Right Arrow (For a horizontal toolbar (the default)

Moves focus to the next control. Optionally, focus movement may wrap from the last element to the first element.

In toolbars with multiple rows of controls, allow the left and right arrows to wraps from row to row, leaving the option of reserving vertical arrow keys for operating controls, such as navigating among radios buttons, or incrementing/decrementing a numeric spinner.

Vertical toolbar

If the toolbar is vertical, ensure aria-orientation="vertical" is set, and the following keyboard interactions are implemented:

Down Arrow (For a horizontal toolbar (the default)

Moves focus to the previous control. Optionally, focus movement may wrap from the first element to the last element.

Up Arrow (For a horizontal toolbar (the default)

Moves focus to the next control. Optionally, focus movement may wrap from the last element to the first element.

Required JavaScript features

Implement focus management so the keyboard tab sequence includes one stop for the toolbar and arrow keys move focus among the controls in the toolbar. When tabbing into the toolbar, focus returns to the control that last had focus.
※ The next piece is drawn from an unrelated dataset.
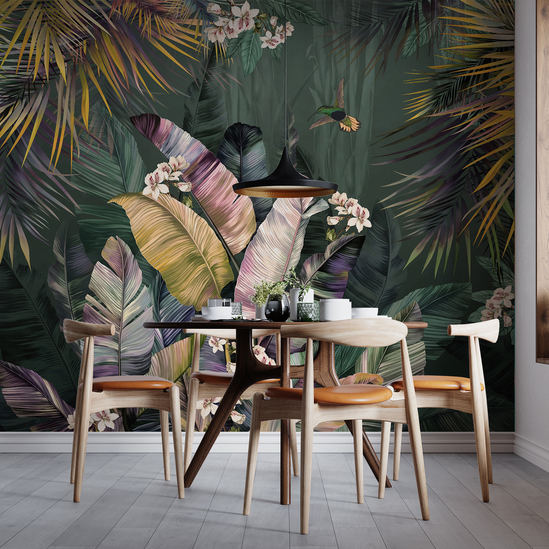 Imagínese llegar a casa a su propio paraíso tropical con este impresionante mural “Colibrí volando en el aire” en su pared. Los verdes vibrantes, el exuberante follaje y los toques de delicadas flores crean un ambiente de selva exuberante que te hará sentir como si hubieras entrado en una serena selva tropical. ¿Y ese encantador colibrí revoloteando? Añade un toque de magia, como si la naturaleza bailara alegremente en tu salón.

While the toolbar element itself does not receive focus, focus on movement into, out of, and within the toolbar has to be managed. On load, the first element in the tabbing sequence within the toolbar has tabindex="0" with tabindex="-1" set on all other focusable elements within the toolbar. Depending on the [keyboard interaction], the element receiving focus gets set to tabindex="0" and the element that just lost focus gets switched back to tabindex="-1". Set focus, element.focus(), on the element that has tabindex="0". This is called "roving tabindex". A benefit of using roving tabindex to manage focus is that the browser will scroll the newly focused element into view.

If the design calls for a specific element to be focused the next time the user moves focus into the toolbar with Tab or Shift + Tab, check if that target element has tabindex="0" when toolbar loses focus.

When the toolbar has focus within it, provide visual cues. When an element within the toolbar has focus, a visual cue must be included on both the toolbar itself - to help the toolbar supports directional navigation with the arrow keys - and the control that has focus. The CSS pseudoclasses of :focus and :focus-within can be used to target both elements.

Examples

Toolbar example from the W3C

Accessibility Concerns

Avoid including controls whose operation requires arrow keys used for toolbar navigation (right and left arrows, or top and bottom for vertical toolbars). If you must include such a control, make it the last control in the toolbar. For example, in a horizontal toolbar, a textbox could be included as the last element.

If any of the otherwise interactive elements within the toolbar are disabled, consider letting them remain focusable so screen reader users can be made aware of their presence.

Specifications

Specification Status
Accessible Rich Internet Applications (WAI-ARIA) 1.1
The definition of 'ARIA: toolbar role' in that specification.
Recommendation
WAI-ARIA Authoring Practices 1.2
The definition of 'toolbar role' in that specification.